Ole Peter Riis Høegh (July 27, 1806 – March 1, 1852) was a Norwegian architect who was one of Norway's first trained civilian architects and was Bergen's first town surveyor. Høegh was born in Grue, Norway. He designed several significant buildings in Bergen and Trondheim. Stylistically, Høegh's architecture is characterized by Neoclassicism, but also contains early touches of Historicism. He died in Bergen.

==Early life ==
Høegh received his first training in architecture under the architect Jørgen Gerhard Løser. After this, he studied at the Royal School of Drawing under Hans Linstow. In 1823, Høegh was hired by Linstow as a draftsman for the Royal Palace. In 1825 and 1826 he was a supervisor at Hadeland in charge of quarrying soapstone for the palace. As Linstow's assistant, he was involved in the plans for Grue Church, and created drawings for details and the interior. He worked as an assistant to Linstow until 1828, when he replaced Christian Heinrich Grosch as town surveyor in Christiania (now Oslo). From 1829 to 1830, he worked as a foreman in the construction of Immanuel Church and the secondary school in Frederikshald (now Halden) based on designs by Grosch.

==Trondheim==
In 1830, Høegh moved to Trondheim, where he was responsible for a number of important construction projects over the next five years.
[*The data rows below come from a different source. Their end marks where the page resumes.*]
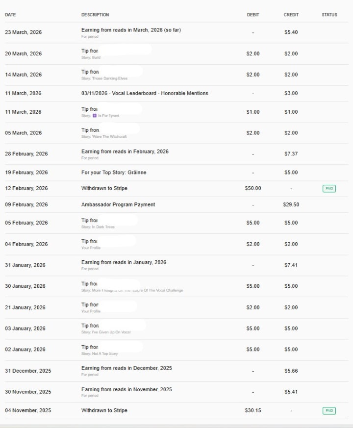 The implication is I am being ghosted by Vocal, but I am getting the money from Vocal reads, tips and the ambassadors. At the moment, I feel I will never get another Top Story, Challenge or Leaderboard place, but that will not stop me from writing and publishing.
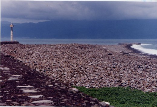 當我漫步在這條龜卵步道時,突然發現每一顆石頭都朝著我露出乞求的眼神。我只好停下腳步,蹲下來聆聽他們傾訴──我們兄弟們可是在那礫石灘上翻跟斗翻滾了幾百年幾千年,沒想到會被人用水泥困在路上,每天仰著臉曬太陽,或是弓著背駄著遊客們的腳印。
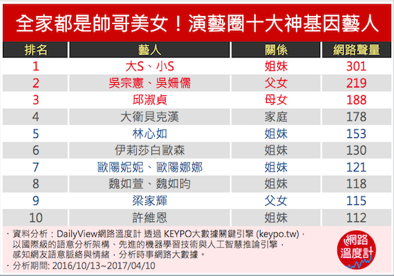 今天的DailyView網路溫度計運用《KEYPO大數據關鍵引擎》找出演藝圈中最受大家歡迎的明星家人們,快一起來看看這些神基因家庭吧!
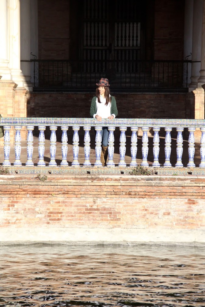 We have spent the weekend in Seville, enjoying one of our favorite cities, family and good weather. On the last day we decided to walk around the Plaza of Spain, one of my favorite sites, it was beautiful, do not you think? comfortable look for the occasion, jeans, boots and hat.
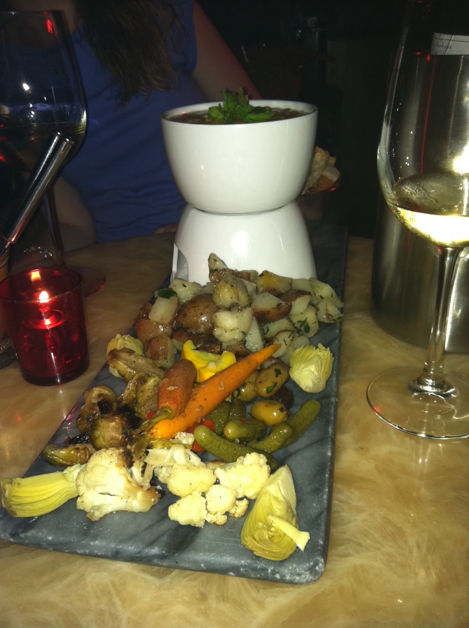 Lets start with the drinks.  I spied some interesting champagne cocktails, Belgian beer cocktails, sangria, champagne punches, and wine.  A drink is a must when you’re at Bourgeois Pig because it just adds to the decadence of the meal.  The apps all looked good, but I did not feel like a cheese board was necessary when the main course is cheese fondue.  Lindsay and I split the lobster bisque fondue because the seafood stock looked like it was going to take this fondue to new heights, and it did.  The fondue came with so many different things for dipping that you still feel like you’re getting a full meal.  Ours came with toasted French bread, rosemary potatoes, roasted vegetables (cauliflower, carrots, brussels sprouts), artichoke hearts, olives, and cournichons.  Everything was sumptuous – how can it not be when you’re enjoying fondue and wine on soft, velvet couches?  I felt like a queen.  Let them eat cake fondue!
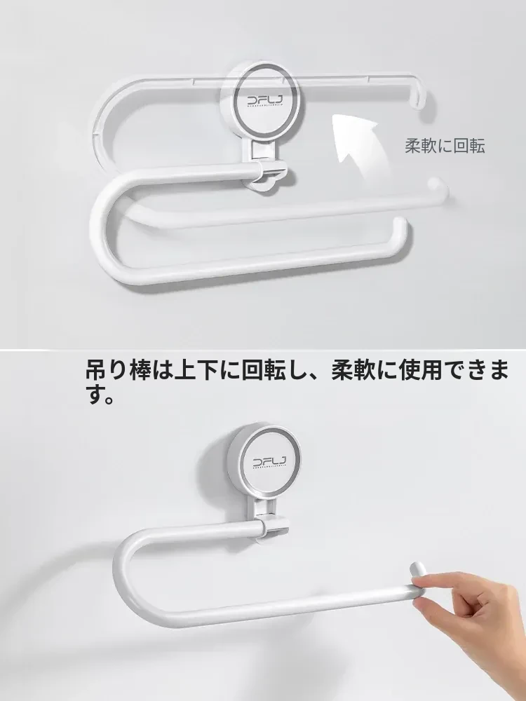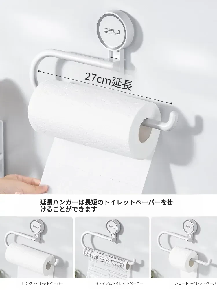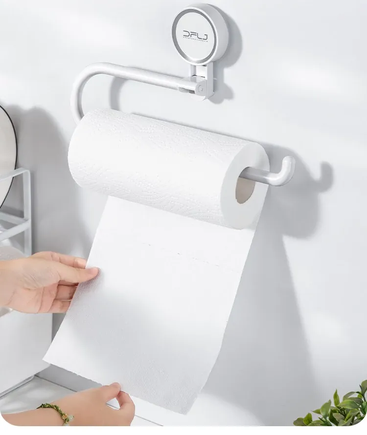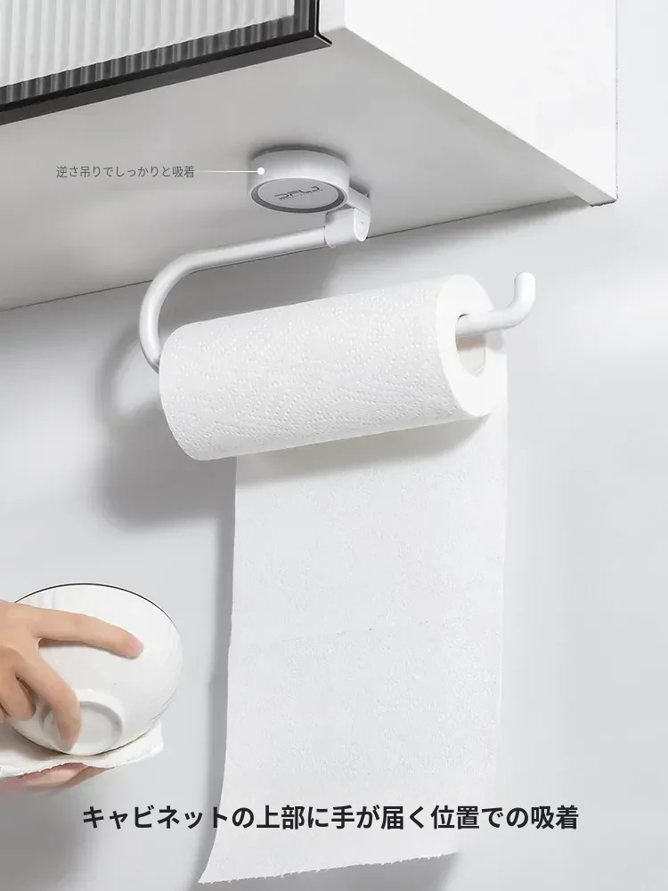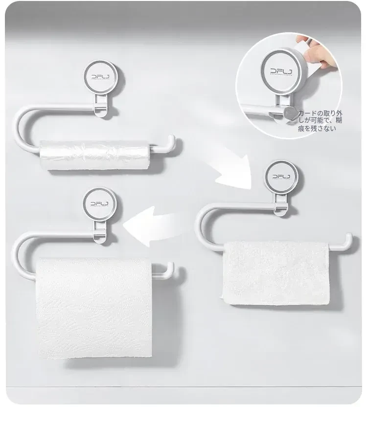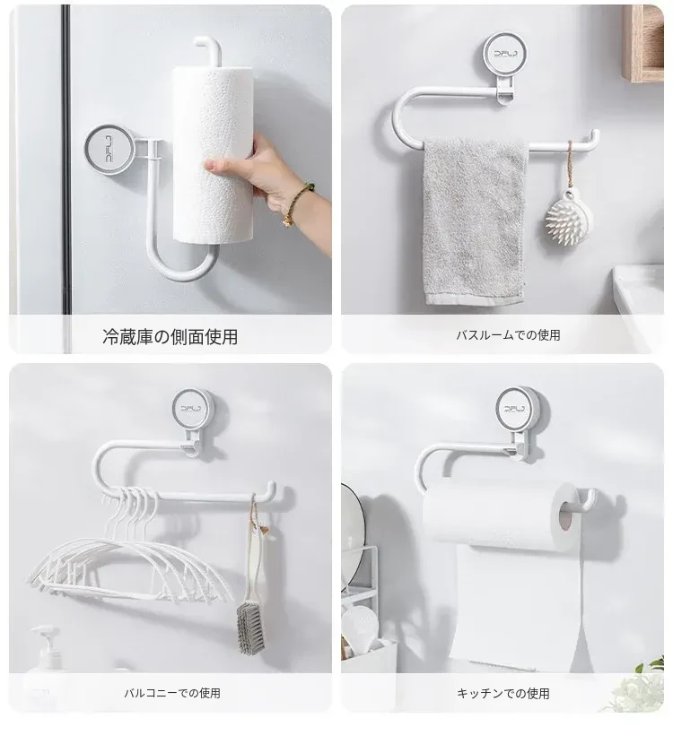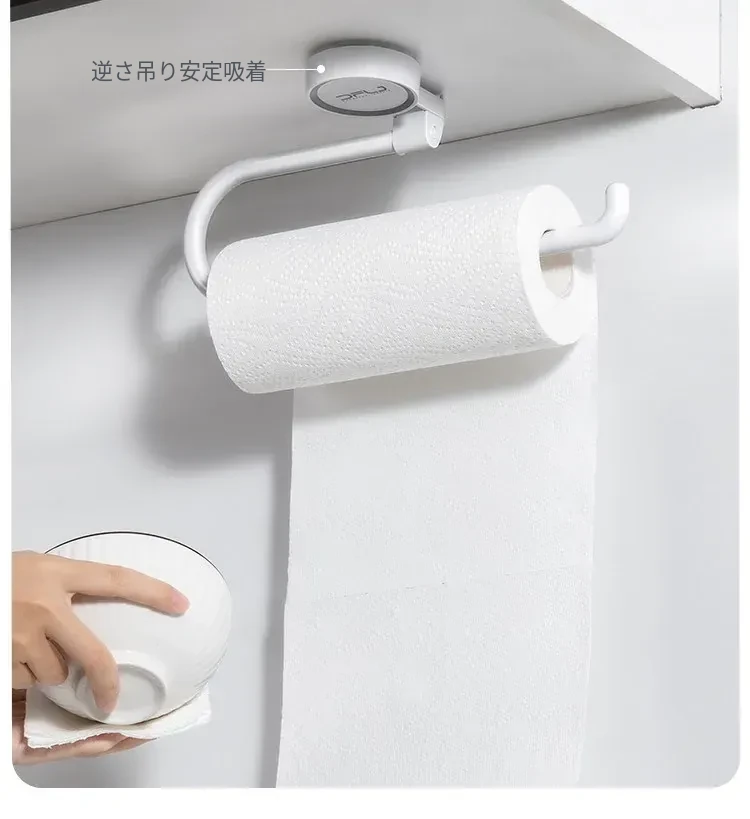 キッチンの穴あけ不要!多機能吸盤式ラップ・ペーパータオルホルダー 壁掛けタイプで収納力抜群、清潔感あふれるスペースを実現!便利なふきん掛けも付いて、使いやすさ満点!
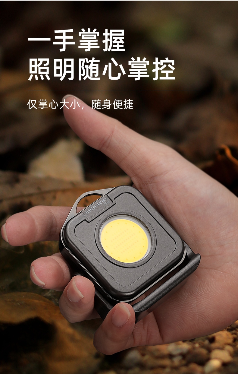 5、一手掌握,照明随心掌控,仅掌心大小,随身便捷;
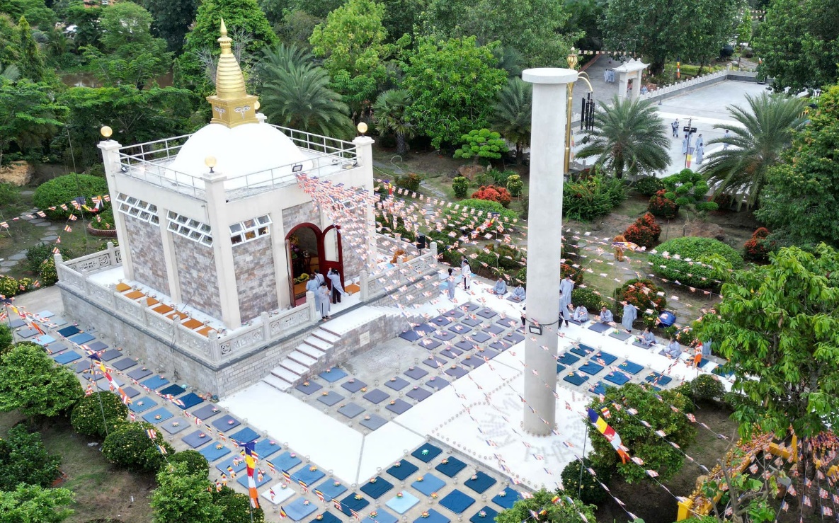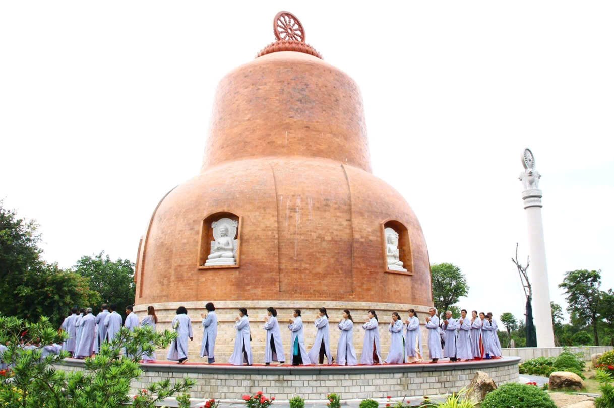 The Tu Dong Tam complex in Truc Lam Chanh Giac was developed to symbolically recreate these four major milestones, allowing Vietnamese Buddhists to pay homage and practice without traveling overseas. The structures are arranged harmoniously within a green landscape, combining Buddhist architecture with the natural characteristics of Dong Thap province.

Both the forced-labor prison (now the National Museum of Justice) and the Military Hospital were built based on Høegh's plans. The former Bank of Norway main office was built from 1830 to 1832. In cooperation with Gustav Adolph Lammers, Høegh designed the Tronka asylum (built from 1836 to 1842). In 1834, he was involved in the construction of a new Gothic vault in the octagon of Nidaros Cathedral and he prepared a proposal for needed repairs. In 1835 he submitted the first proposal for replacing the cathedral dome.

==Bergen==
By 1832, Høegh had been appointed town surveyor in Bergen, but he did not take office there until 1835 because of all of the commissions that he had in Trondheim. The biographer Arno Berg writes that "On the whole, I believe that during the years Høegh was working in Bergen he was engaged in scattered building activities, with some prominent architecture in the city and its vicinity in his hands." There is no doubt that all of the manor houses attributed to him, including Urdi House, Christinegård Mansion, Helland House and Wernersholm, truly are his work.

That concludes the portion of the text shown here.